Counsel relies on the judgment of McGarry J. in Leary v. National Union of Vehicle Builders (1971) Ch. 34 wherein he stated:-
      “As a general rule at all events I hold that a failure of natural justice in the trial body cannot be cured by a sufficiency of natural justice in an appellate body.”
This statement of the law was approved by Pringle J. in Ingle v. O’Brien [1975] 109 ILTR at p. 541.
Counsel further relies on the statement of Kelly J. in Stefan v. The Minister for Justice Equality and Law Reform, The Refugee Appeals Authority, Ireland and the Attorney General [2001] 4 IR 203 wherein he stated:-
      “An insufficiency of fair procedures at first instance is not cured by its sufficiency on a appeal”.
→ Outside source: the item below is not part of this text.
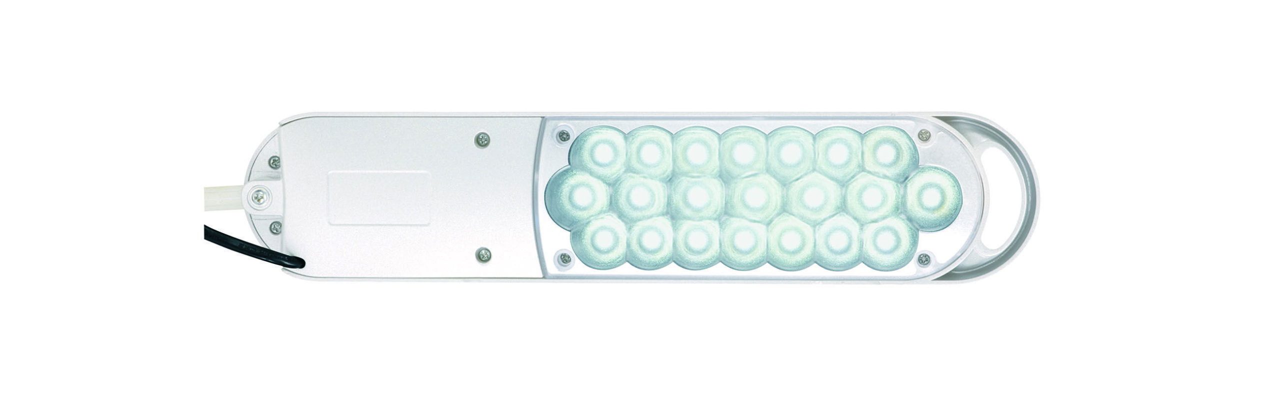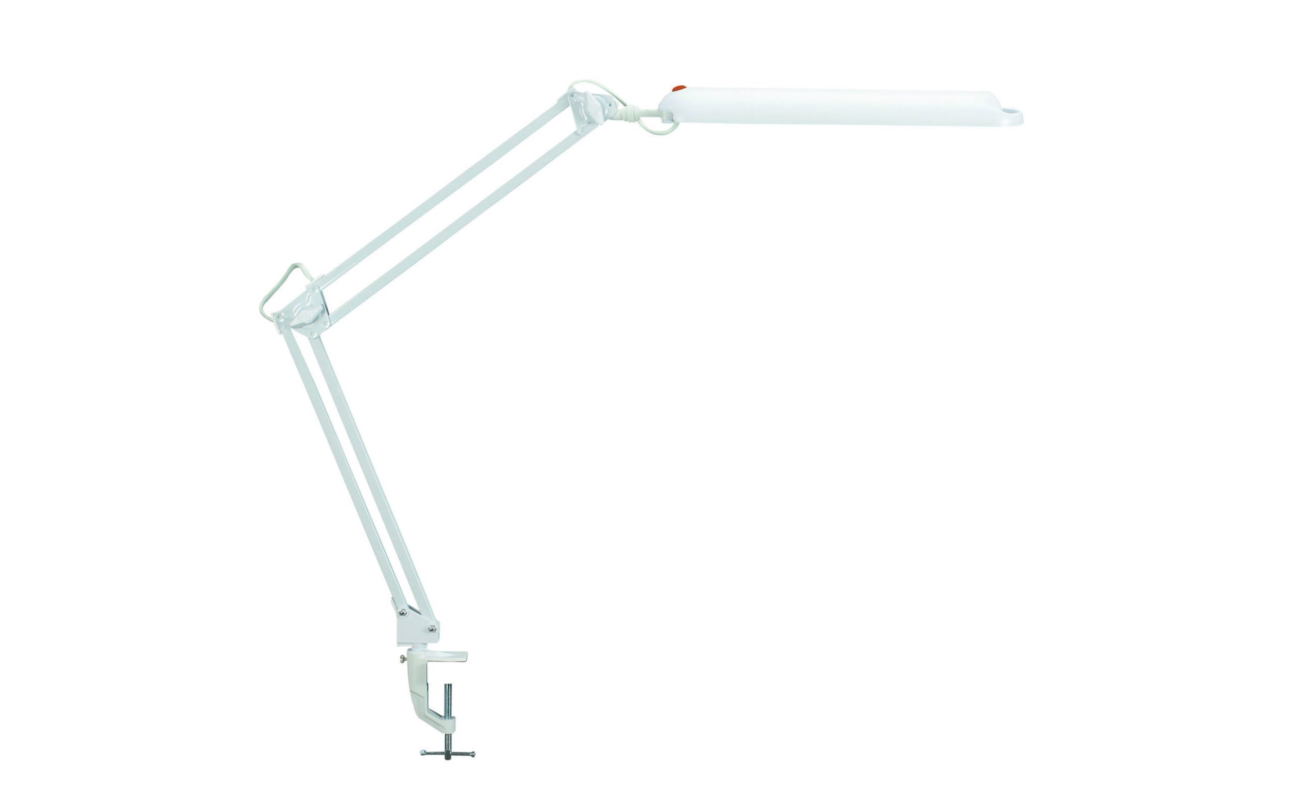 LED skrivebordlampe med bordklemme, hvid, MAULatlantic MAULatlantic LED skrivebordslampe med bordklemme er en kraftfuld og professionel arbejdslampe, udviklet til kontormiljøer. Den integrerede LED-lyskilde giver et klart dagslyshvidt lys på 6.500 Kelvin, som understøtter præcisionsarbejde. Ved 35 cm afstand yder lampen op til 2.140 lux, hvilket sikrer effektiv belysning af arbejdsfladen. Reflektoren i lampehovedet bidrager til en jævn lysfordeling. Lyskilden har energieffektivitetsklasse D (A–G skala). Lampen betjenes via tænd/sluk-knap på lampehovedet. Både lampehoved og arm kan vippes og drejes, så lyset nemt tilpasses den enkelte opgave. Den solide metalbordklemme med skrivebordsbeskyttelse passer til bordplader med en tykkelse op til 55 mm og sikrer stabil montering. Skrivebordslampen er GS-certificeret af Intertek for dokumenteret sikkerhed og kvalitet. Lyskilde og driftsenhed kan udskiftes af elektriker. Lampen leveres med 1,8 meter ledning og eurostik og har 2 års garanti. Mål: H 38 cm Hoved: 33 x 7 cm Nederste arm: 33 cm Øverste arm: 34 cm Klemvidde: 0–55 mm

This view was endorsed on appeal by the Supreme Court when Denham J. at p. 431 stated:-
      “The appeals authority process would not be appropriate or adequate so as to withhold certiorari. The applicant is entitled to a primary decision in accordance with fair procedures and an appeal from that decision. A fair appeal does not cure an unfair hearing”.
It is accepted on the respondents behalf that the review committee in this instance pursuant to the provisions of the Act of 2002 does not hear oral evidence, is not a hearing de novo, has expressly stated that matters concerning procedural infirmities and inter alia complaints of unfair procedures/breaches of natural justice are exclusively the preserve of judicial review proceedings. In essence the review committee pursuant to its statutory function is concerned with a review solely of the amount of the award.
Having regard to the fact that I take the view that there was a breach of fair procedures at first instance and a failure of natural justice I am satisfied that the deficiency in this instance cannot be cured by the proposed appellate body.
I do not consider that by embarking on the procedure of an application to the review committee the applicant is estopped from maintaining these judicial review proceedings.
In the circumstances of this case I will hear the submissions of counsel as to the form of any necessary order to be made.